Partager:
Un rendez-vous "hyper-rapide" et "à côté de chez moi": Juliette savoure sa première dose de Moderna, reçue dans une pharmacie parisienne, où les vaccins ARN attendus depuis des mois arrivent enfin, au rythme de seulement deux flacons par semaine.
Vaccinée sur un coup de chance: "Je suis passée récupérer quelque chose à la pharmacie hier, j'ai demandé s'ils faisaient par hasard des vaccins. Ils m'ont mis sur leur liste d'attente et ils m'ont appelée dans la soirée. J'ai eu le rendez-vous aujourd'hui, c'est hyper rapide", raconte la jeune mère de 33 ans, accompagnée de ses deux enfants.
Du pain béni avant les vacances "chez les grands-parents au Portugal", alors qu'elle "n'arrivai(t) pas à avoir de date dans les prochains jours sur Doctolib, ou alors en banlieue, ce qui ne (l)'arrangeait pas du tout". Ici, en face de la bibliothèque François-Mitterrand, "c'est vraiment à côté de chez moi, donc plus pratique", ajoute-t-elle.

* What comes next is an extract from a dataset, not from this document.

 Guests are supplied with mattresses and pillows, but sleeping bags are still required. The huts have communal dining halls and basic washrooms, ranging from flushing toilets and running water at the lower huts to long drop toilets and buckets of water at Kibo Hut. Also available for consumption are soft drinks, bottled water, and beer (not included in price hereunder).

Une histoire qui ressemble beaucoup à celle de Gabriel, 23 ans. Trouver un créneau sur Doctolib, "c'était assez compliqué", mais en passant à la pharmacie, on lui a proposé "une possibilité sur une liste d'attente" et "ça s'est fait en une semaine".
"Pas besoin d'attendre, ni de réessayer", sourit-il, "content et rassuré" de pouvoir bientôt voyager et "retourner voir la famille de l'autre côté de l'Atlantique". A ses côtés, son épouse américaine Courtney, 25 ans, se remet de ses émotions: elle était "un peu effrayée" à l'idée de recevoir sa première dose, mais parce qu'elle a "peur des piqûres, pas du vaccin".
Destiné à tous les adultes - sans limite d'âge -, le Moderna semble donc rencontrer son public. Ce sont "généralement des personnes actives, de moins de 55 ans, qui ont envie de reprendre une vie normale", observe le pharmacien Yorick Berger, qui a déjà vacciné "une quarantaine de personnes depuis la semaine dernière" dans son officine.
- "Force de frappe" -
Un bon début, compte tenu des quantités reçues: deux flacons de 10 doses maximum par semaine et par pharmacie, un seul pour les médecins libéraux, dans la limite de 300.000 doses hebdomadaires, attribuées aux premiers arrivés quand les réservations sont ouvertes.
Cette sélection ne garantit pas une livraison en temps et en heure. Les soignants de quatre régions du sud en ont fait l'expérience la semaine dernière, quand la panne d'un camion a retardé de plusieurs jours l'acheminement de 145.000 doses, heureusement sans rupture de la chaîne du froid.
A Paris, Yorick Berger ne constate "pas de retard par rapport à ce qui était annoncé", mais regrette tout de même de ne pas avoir pu utiliser de vaccin à ARN messager plus tôt.
"On les avait demandés rapidement, on est déçu de les avoir si tard, parce qu'on aurait pu vacciner plus largement", avec la "force de frappe" des 22.000 pharmacies françaises, qui ont démontré lors de la dernière campagne anti-grippale qu'elles "pouvaient augmenter la couverture vaccinale".
Il faut y ajouter quelque 50.000 médecins généralistes, dont certains "sont très en colère", comme le Dr Agnès Gianotti, qui attend toujours son flacon de Moderna commandé il y a presque trois semaines.
Comme pour AstraZeneca, puis pour Janssen, la logistique est laborieuse, à croire que "l'Etat ne sait pas travailler avec nous", fulmine la vice-présidente du syndicat MG France, installée dans le nord de la capitale.
Pas résignée pour autant - "quand je vaccine quelqu'un, je me sens utile" - elle s'inquiète de voir la population éligible aux deux premiers vaccins "se réduire comme peau de chagrin", car "plus personne n'en veut".
Le Moderna ne suffira pas à crever le plafond de verre qui se dessine déjà chez les plus âgés, que les centres de vaccination n'ont pas attirés. Pour les atteindre, le Dr Gianotti l'affirme, "il faut qu'on nous donne du Pfizer".